The overall study sample included 1351 adult participants, with 60% females (n = 810) and 40% males (n = 541). The overall mean age was 45.5 ± 21.4 years, with males being older (49.7 ± 21.7 vs. 42.7 ± 20.7 years). The overall mean BMI was 25.0 ± 4.6 kg/m2, with males being 1.3 BMI units heavier than females (25.8 ± 3.9 vs. 24.5 ± 5.0 kg/m2). Males had higher appendicular lean mass (ALM) (25.1 ± 3.5 vs. 17.4 ± 2.9 kg), but significantly lower BF (17.8 ± 7.4 vs. 20.5 ± 8.8 kg) and BF% (22.5 ± 6.7 vs. 31.2 ±8.1%) (Table 1).
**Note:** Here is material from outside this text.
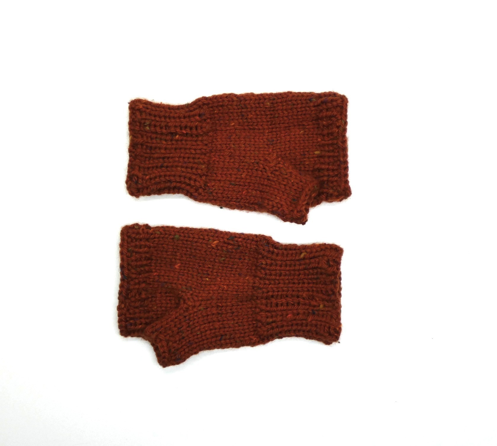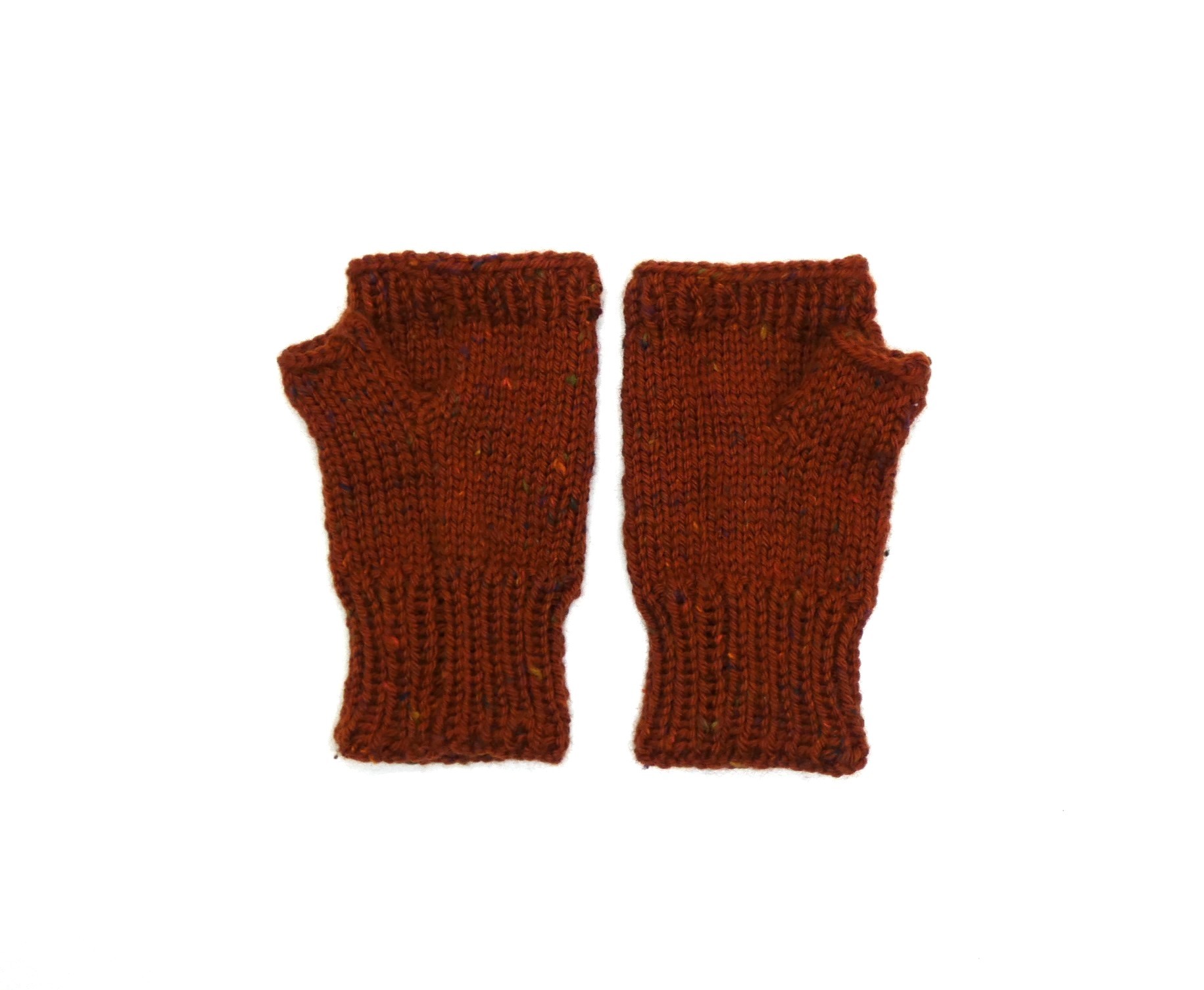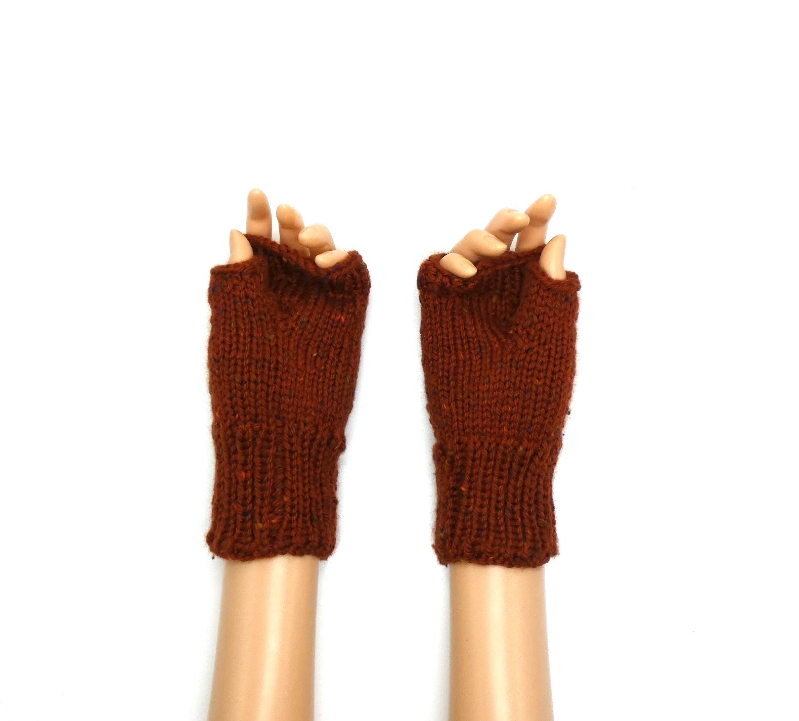 Mitaines marron mouchetée en laine Katia merino tweed tricotées main.

The prevalence of different body weight status in the overall sample based on the BMI and BF% classification systems is presented in Table 2. According to the WHO BMI classification, the prevalence of underweight in the overall sample was minimal (1.4%), with 58.3% being of normal weight, 26.2% being overweight, and 14.1% being obese. Based on the BF% classification (Gallagher criteria), the prevalence of under fat (i.e., underweight) in the overall sample was 6.2%, with 57.2% having normal fat (i.e., normal weight), 23.4% over fat (i.e., overweight), and 13.2% having excess fat (i.e., obesity).
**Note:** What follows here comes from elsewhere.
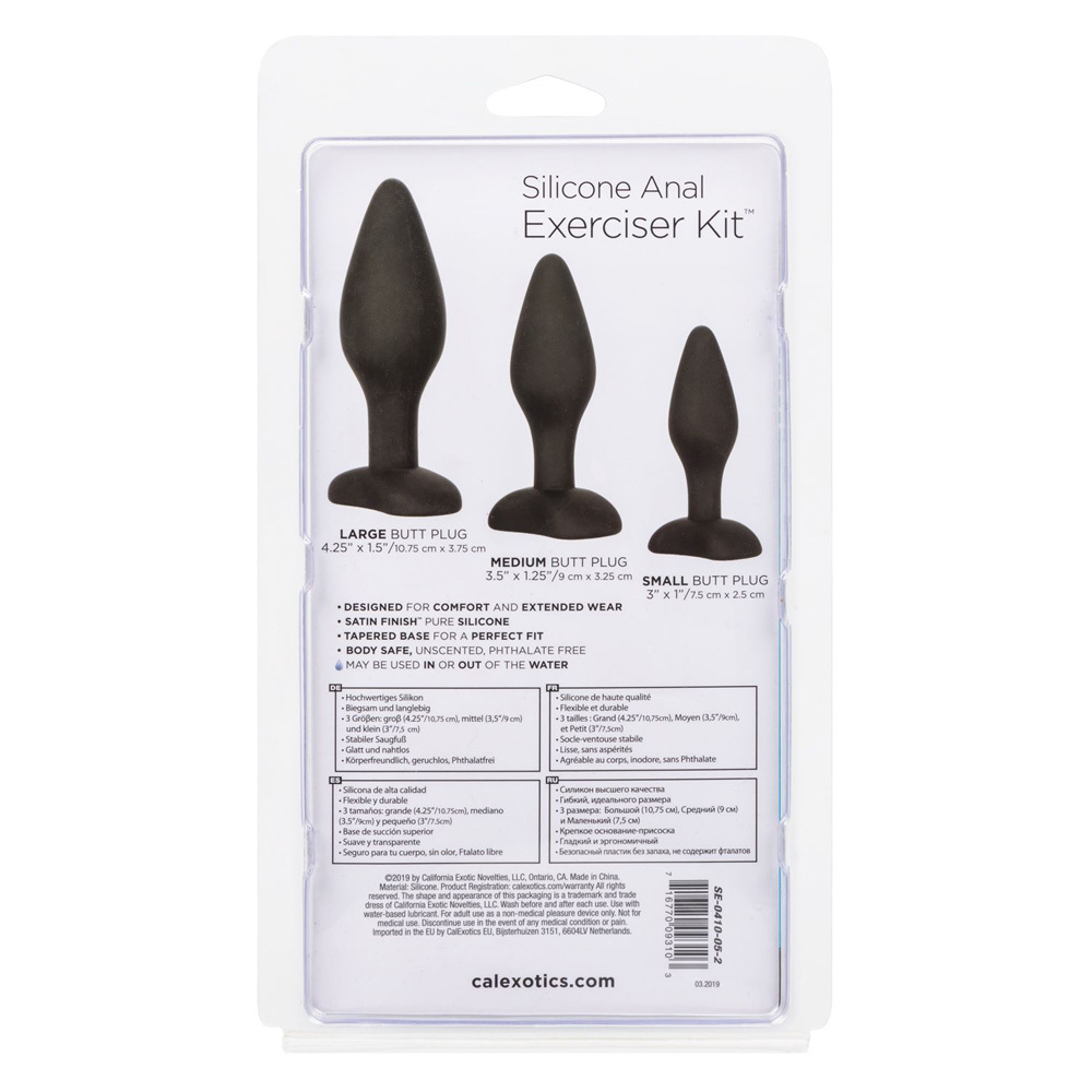 Pure Silicone anal training kit with Satin Finish Designed for comfort and extended wear 3 graduated sizes tapered for a perfect fit Flanged base for ease of use Smooth and seamless Hygienically superior and body safe

The two classification systems resulted in similar total rates for each weight status category (Table 2); however, considering the agreement between the two classification systems within each category, a significant disagreement is clearly observed (Table 3). Since adiposity is best defined by means of BF%, the comparison was computed using BF categories as a reference for agreement analysis. In this respect, the BMI classification captured only 31.6% of those who were underweight, 78.1% having normal weight, 46.6% of those who were overweight, and 66.0% of those with obesity based on BF%. Weighted kappa (k = 0.126) revealed a significant weak agreement between the two classification systems (i.e., BMI vs. BF%).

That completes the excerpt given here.